━━ Provided records ━━
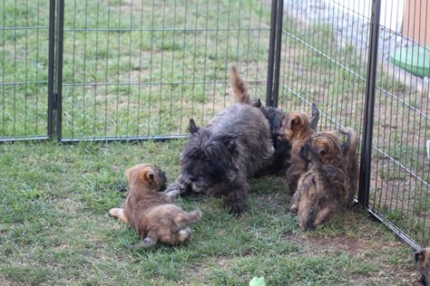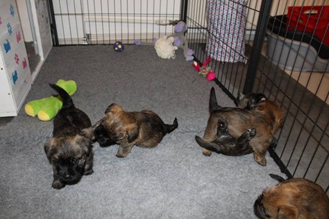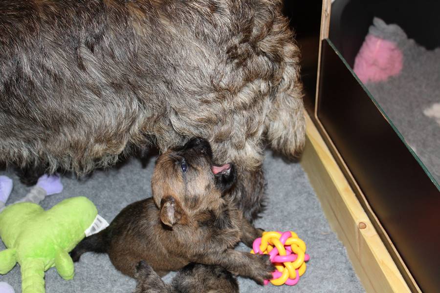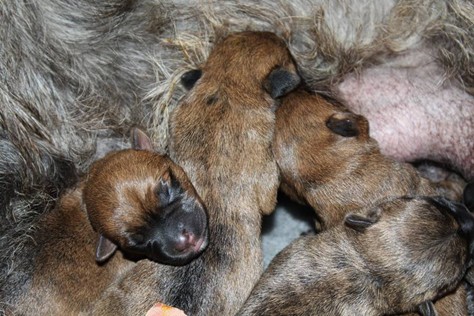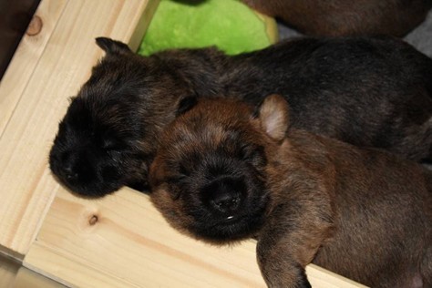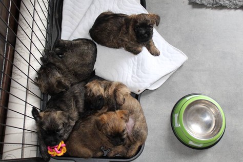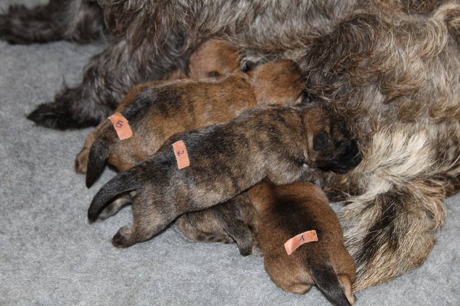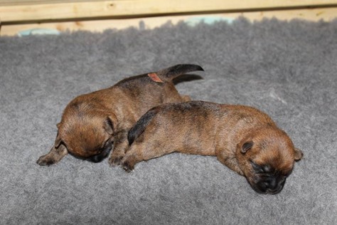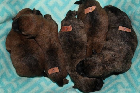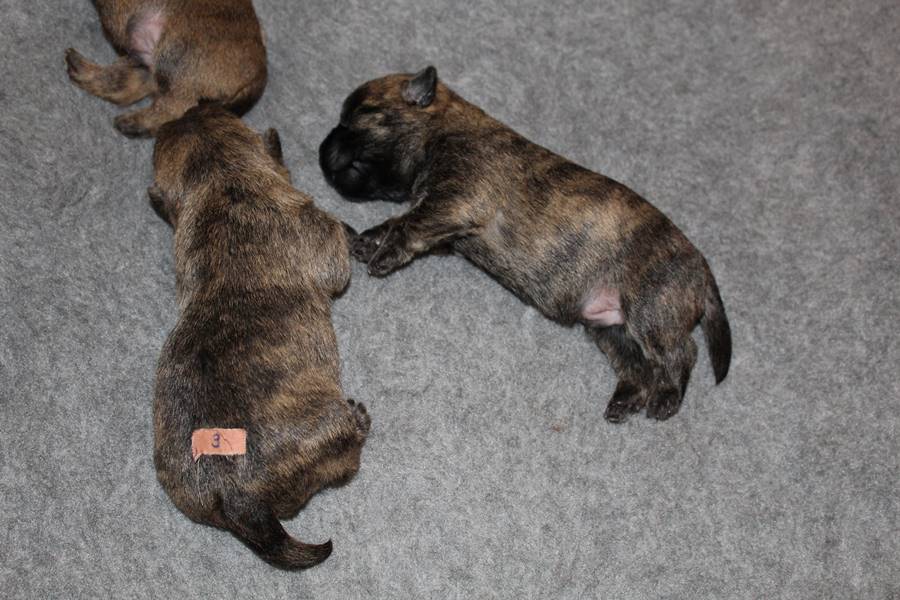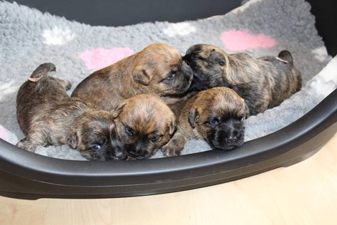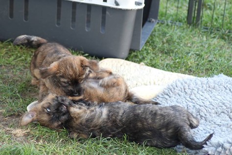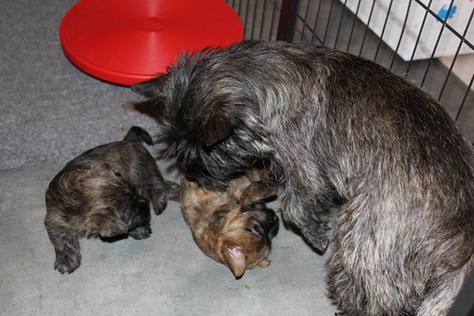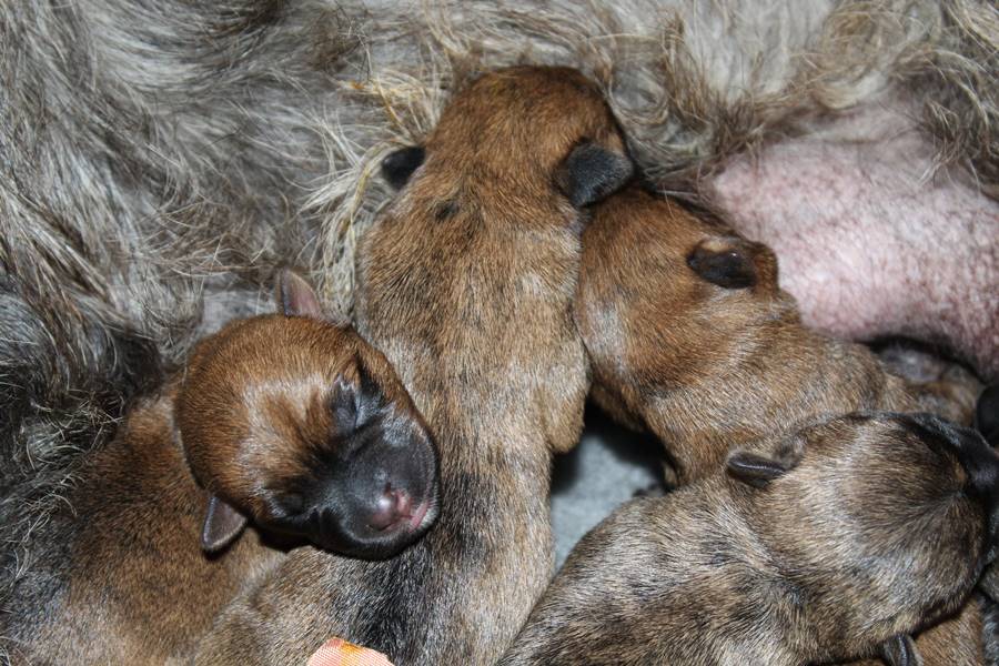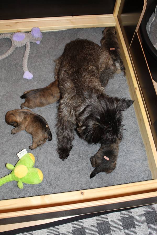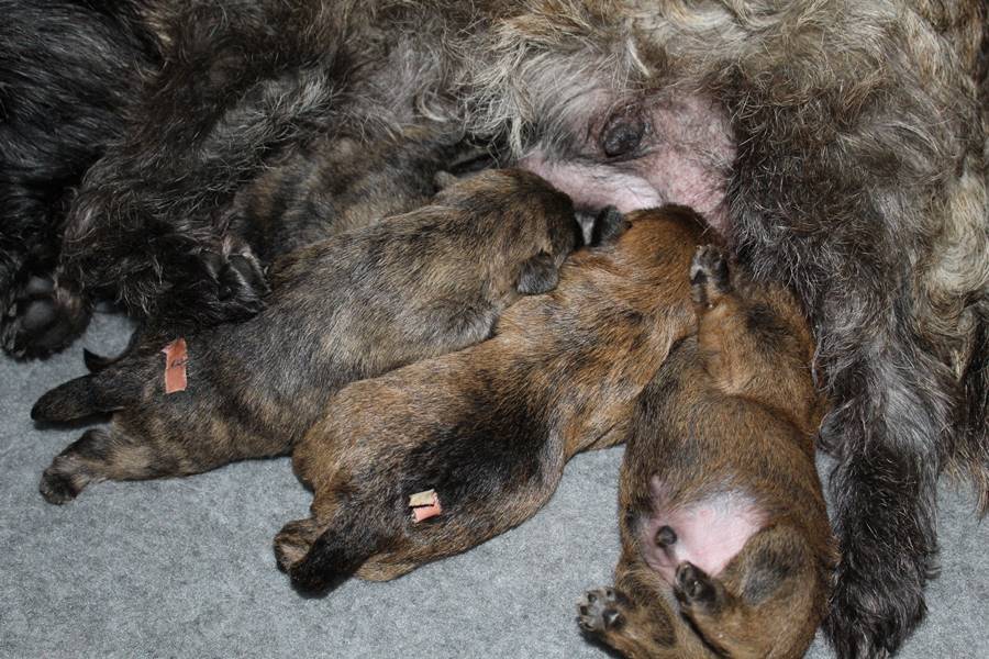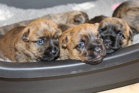 Nachdem wir am Donnerstag (26.07.18) begonnen hatten den Count-Down für die lang ersehnte Geburt unseres C-Wurfs, die für dem 28.07.18 - den 63. Tag nach dem Decken - angesetzt war, zu starten, belehrte uns unsere hochschwangere Gwenny eines Besseren. Am Abend des heißen Sommertages begann Gwenny zu hecheln. Wir schoben es zu erst auf die Hitze, schnell zeigte sich aber, dass Gwenny wohl auch aus einem anderen Grund hechelte. Sie zog sich in ihre Wurfkiste zurück und begann alles für die bevorstehende Geburt bereit zu machen. Im gemachten Nest tankte sie noch einmal Kraft für den großen Augenblick, der am nächsten Morgen (27.07.18) gekommen war. So platze um ungefähr 6:00 Uhr in der Frühe die erste Fruchtblase - der erste Welpe wurde um 6:19 Uhr geboren. In den nächsten 3 Stunden folgten vier weitere Welpen, sodass Gwenny (Great Gwenny Wizard of Wishes) und Mitch (Camster Cairns X-tra Hot`n Spicy) nun stolze Eltern von einem bezaubernden Mädchen und vier properen Jungs sind.
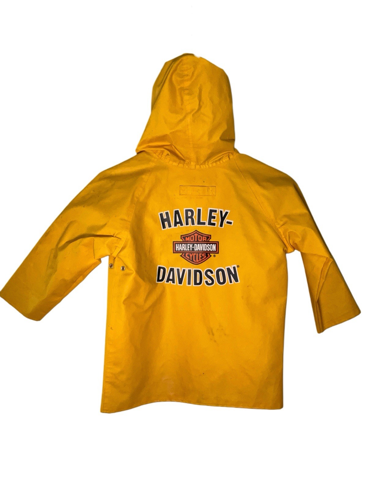 Harley Davidson Hooded Yellow Rain Coat Black Motorcycle Jacket Kids Size 6-8
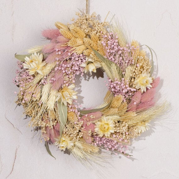 This pastel wreath of dried wildflowers and bunny tails will be a perfect centrepiece in any room. Dried flowers are ideal for long-lasting displays and are a sensational and sustainable gift for any occasion. Measures approximately: 20cm.
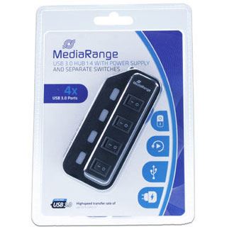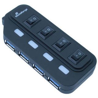 USB 3.0 Hub für Super-Speed-Datenübertragung mit vier Ports zum Anschluss von bis zu vier USB-Geräten (z.B. Maus, Tastatur, Drucker, externe Festplatte) an einen USB-Anschluss. An jedem Port befindet sich ein Schalter, sodass die einzelnen Verbraucher separat geschaltet werden können. Mit zusätzlichem Netzteil. Abwärtskompatibel zu USB 2.0.
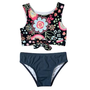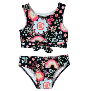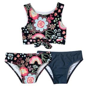 1 Biquíni, 2 looks! Conjunto com 3 peças. Composto de um top e duas calcinhas, este biquíni Floral Arco-Íris da Tip Top é de arrasar. Possui proteção solar FPS 50+ permanente, para as meninas poderem aproveitar o verão com total segurança e conforto.
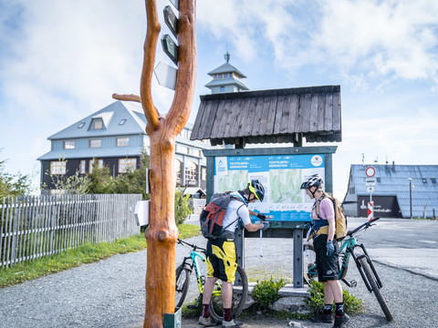 Immediately after the stamping point at the Klinovec mountain hotel, the trail fun begins. Almost 4 kilometers of the Rubin Trail can be used before heading back up towards Bozi Dar via a connecting trail. If you're not quite sure about trails, you can use the Azur Trail, where the Stoneman is also signposted. On the white-red-white marked upper "Neklid Trail", the route passes the X-Cross route and leads to Bozí Dar (Gottesgab). The village is one of the most important winter sports centers in the Czech Republic and home to Lukás Bauer, the country's most successful cross-country skier and Stoneman Miriquidi messenger. The ascent to the Fichtelberg begins here: over the border into Germany, past the "Relaxhotel Sachsenbaude" and on along the Wellenschauckel to the highest peak in the new federal states at 1,215 m ("Hotel Fichtelberghaus" with viewing tower, mountain station of the oldest cable car in Germany, built in 1924). The Fichtelberg consists of crystalline rock.
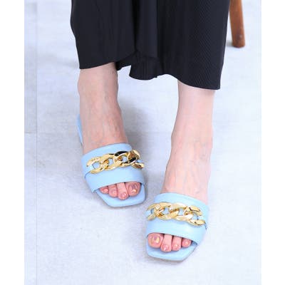 大きめなチェーンデザインがモードな印象のミュールサンダル。
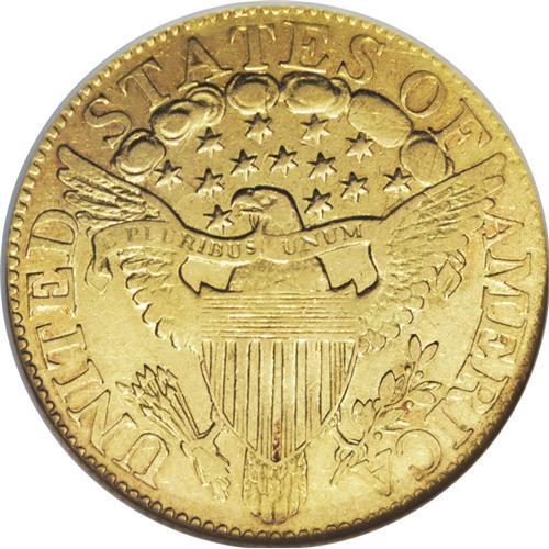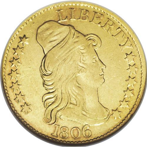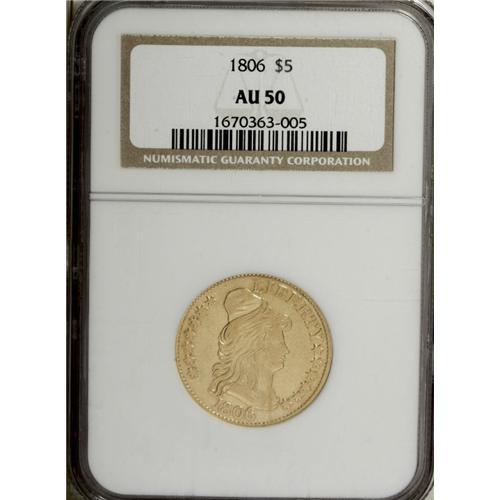 <B>1806 $5 Round Top 6, 7x6 Stars AU50 NGC.</B></I> Breen-6448, BD-6, R.2. A problem-free straw-gold Bust Right type coin with no shortage of glowing luster, particularly on the reverse. Half eagles were rarely seen in circulation until the bullion content of the denomination was reduced in 1834. Most pieces existed only briefly to facilitate foreign trade, and were promptly melted by their second owner.<BR><BR><b>Shipping:</b> Coin/Currency (<a target="_blank" href="http://www.heritageauctions.com/common/shipping.php">view shipping information</a>)
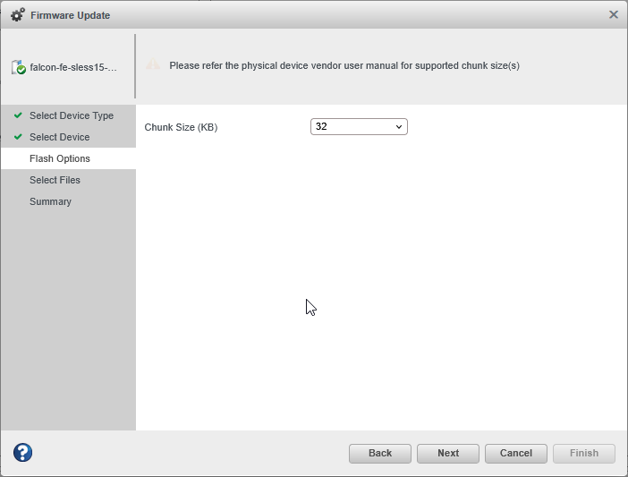 - In the Flash Options panel, select the Chunk Size, from 1-n, in kilobytes (KB), then click Next.
━━━
Description of the task>
Return every entry above exactly as written, with no pictures included.

Response to this exercise>
 Nachdem wir am Donnerstag (26.07.18) begonnen hatten den Count-Down für die lang ersehnte Geburt unseres C-Wurfs, die für dem 28.07.18 - den 63. Tag nach dem Decken - angesetzt war, zu starten, belehrte uns unsere hochschwangere Gwenny eines Besseren. Am Abend des heißen Sommertages begann Gwenny zu hecheln. Wir schoben es zu erst auf die Hitze, schnell zeigte sich aber, dass Gwenny wohl auch aus einem anderen Grund hechelte. Sie zog sich in ihre Wurfkiste zurück und begann alles für die bevorstehende Geburt bereit zu machen. Im gemachten Nest tankte sie noch einmal Kraft für den großen Augenblick, der am nächsten Morgen (27.07.18) gekommen war. So platze um ungefähr 6:00 Uhr in der Frühe die erste Fruchtblase - der erste Welpe wurde um 6:19 Uhr geboren. In den nächsten 3 Stunden folgten vier weitere Welpen, sodass Gwenny (Great Gwenny Wizard of Wishes) und Mitch (Camster Cairns X-tra Hot`n Spicy) nun stolze Eltern von einem bezaubernden Mädchen und vier properen Jungs sind.
 Harley Davidson Hooded Yellow Rain Coat Black Motorcycle Jacket Kids Size 6-8
 This pastel wreath of dried wildflowers and bunny tails will be a perfect centrepiece in any room. Dried flowers are ideal for long-lasting displays and are a sensational and sustainable gift for any occasion. Measures approximately: 20cm.
 USB 3.0 Hub für Super-Speed-Datenübertragung mit vier Ports zum Anschluss von bis zu vier USB-Geräten (z.B. Maus, Tastatur, Drucker, externe Festplatte) an einen USB-Anschluss. An jedem Port befindet sich ein Schalter, sodass die einzelnen Verbraucher separat geschaltet werden können. Mit zusätzlichem Netzteil. Abwärtskompatibel zu USB 2.0.
 1 Biquíni, 2 looks! Conjunto com 3 peças. Composto de um top e duas calcinhas, este biquíni Floral Arco-Íris da Tip Top é de arrasar. Possui proteção solar FPS 50+ permanente, para as meninas poderem aproveitar o verão com total segurança e conforto.
 Immediately after the stamping point at the Klinovec mountain hotel, the trail fun begins. Almost 4 kilometers of the Rubin Trail can be used before heading back up towards Bozi Dar via a connecting trail. If you're not quite sure about trails, you can use the Azur Trail, where the Stoneman is also signposted. On the white-red-white marked upper "Neklid Trail", the route passes the X-Cross route and leads to Bozí Dar (Gottesgab). The village is one of the most important winter sports centers in the Czech Republic and home to Lukás Bauer, the country's most successful cross-country skier and Stoneman Miriquidi messenger. The ascent to the Fichtelberg begins here: over the border into Germany, past the "Relaxhotel Sachsenbaude" and on along the Wellenschauckel to the highest peak in the new federal states at 1,215 m ("Hotel Fichtelberghaus" with viewing tower, mountain station of the oldest cable car in Germany, built in 1924). The Fichtelberg consists of crystalline rock.
 大きめなチェーンデザインがモードな印象のミュールサンダル。
 <B>1806 $5 Round Top 6, 7x6 Stars AU50 NGC.</B></I> Breen-6448, BD-6, R.2. A problem-free straw-gold Bust Right type coin with no shortage of glowing luster, particularly on the reverse. Half eagles were rarely seen in circulation until the bullion content of the denomination was reduced in 1834. Most pieces existed only briefly to facilitate foreign trade, and were promptly melted by their second owner.<BR><BR><b>Shipping:</b> Coin/Currency (<a target="_blank" href="http://www.heritageauctions.com/common/shipping.php">view shipping information</a>)
 - In the Flash Options panel, select the Chunk Size, from 1-n, in kilobytes (KB), then click Next.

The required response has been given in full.